Namun, KBBI melanggar prinsipnya sendiri ketika turut memasukkan kata “haiking” sebagai padanan untuk kata “hiking” dalam bahasa Inggris yang didefinisikan sebagai “menjelajah; mendaki gunung”. Padahal dalam KBBI sendiri sudah ada padanan yang cukup indah, yakni “kelana alam”.
Demikian juga ketika KBBI memasukkan kata “twit” untuk padanan “tweet” yang biasa digunakan oleh para tweps (pengguna aplikasi medsos Twitter) untuk unggahan status atau komentar di aplikasi berlogo burung biru tersebut.
Padahal “cuitan” atau “kicauan” yang lebih mengindonesia sudah cukup lazim dan banyak digunakan serta populer di kalangan media dan jurnalis di Indonesia.
Jika inkonsistensi tersebut terus terjadi, kelak tak mustahil kita akan temui kata “onlen” dan “translet” di KBBI untuk padanan “online” dan “translate”. Meskipun sudah ada padanannya yang memadai, yakni “daring” atau “dalam jaringan” dan “menerjemahkan”.

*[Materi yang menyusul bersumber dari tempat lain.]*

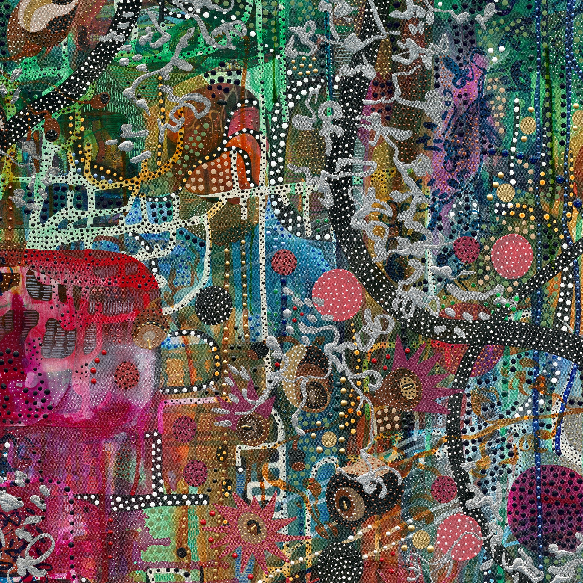“Hold My Hand Under the Stars” is a magical walk through the bush, where the trees glow softly and the stars peek through the leaves like tiny lanterns. It tells the story of a quiet adventure—me and my child, hand in hand, stepping gently over roots and under tangled branches. The night hums with whispers of crickets and dreams, and the path sparkles with memories. Every dot and swirl is a moment we shared, wrapped in starlight and love.

Ini pun sudah ada presedennya, yakni dimasukkannya kata "diler" dengan pengertian "pedagang penyalur" untuk padanan "dealer" kendati sudah ada kata "penyalur".
Di samping itu, juga terdapat inkonsistensi prinsip pembentukan kata. Contohnya adalah lema “punya” yang pada KBBI edisi kedua sempat ditetapkan versi verba bakunya adalah “memunyai” alih-alih “mempunyai” untuk pengertian “memiliki”.
Namun, pada akhirnya, setelah ramai diperdebatkan di kalangan praktisi bahasa dan linguis, pada KBBI edisi ketiga, kembali direvisi menjadi “mempunyai” sebagaimana yang sudah lazim dikenal dan digunakan masyarakat umum sejak dahulu kala.
Tidak sampai di situ saja. Inkonsistensi pun terjadi dalam pengorientasian bahasa acuan.
Ambil contoh kata “debet” dalam konteks istilah keuangan atau akuntansi.
Para pengguna bahasa Indonesia, terutama kalangan praktisi akuntansi, lazim menggunakan pasangan kata “debet” dan “kredit”.